Stumped by two confusing clues at the museum, a “small hole in the baseboard and a strand of red yarn,”  William jumps on his scooter to visit his artist friends in the hopes they may guide him in the right direction.  Unable to help, Fifi Le Brie and Henri Roquefort (yes, the cheesiness abounds!) invite the troubled detective to a gala at the museum where the winner of an art contest will be awarded a trophy and a year’s supply of cheese. Though he doesn’t know it yet, William has just received his most important clue.

Sitting in a café pondering the case, William spots a strange fellow dressed even more strangely crossing the street, his red scarf waving in the wind, the scarf carrying a loose thread curiously similar to the strand of yarn William picked up at the scene of the crime.

The plot thickens….and the suspense heightens, not only because of the mystery surrounding this new character, but because, through her illustrations, Hancocks invites us to solve the crime alongside William.   Sitting on a bench, William pretends to read when in fact he is spying on the stranger through holes he has punched in the newspaper. We readers see the way the detective sees. Literally. And, like William, we stealthily follow the mysterious man down the street, through the park, and over the bridge. Just when we’re hot on his trail, the unthinkable happens: we’re trapped in the city’s busy traffic circle. Standing with William near the center fountain, we watch the shady figure slipping away. In this beautiful double page spread, children will love searching for the characters amidst the bustling mid city traffic.

Remembering his promise to his artist friends, William returns to the museum to learn that a “new” painting has been added to the art contest. Without a doubt, children will roar at recognizing the old aspects of this “new” painting.
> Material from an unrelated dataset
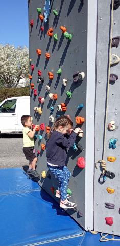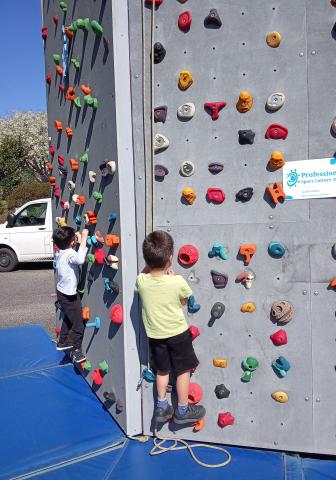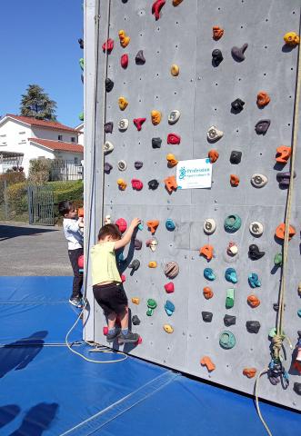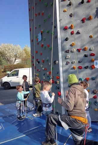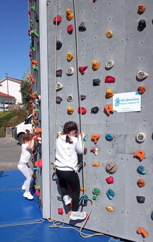 Tout au long de la séance, Franck BE escalade de Profession Sport 38 a proposé aux élèves des jeux à réaliser pour s'initier aux joies de la grimpe : grimpe horizontale puis verticale.

With William we review the clues, piecing everything together.  Guaranteed, the end result will be more satisfying than melted brie on a freshly baked baguette!

Through Hancocks’ sophisticated character and bold, detailed artwork, readers will see how a seemingly impossible problem can be solved one slice at a time.

– Reviewed by Armineh Manookian

Naughty Kitty! by Adam Stower

Naughty Kitty!, written and illustrated by Adam Stower (Orchard Books/Scholastic, $16.99, Ages 3-6), is reviewed by Ronna Mandel.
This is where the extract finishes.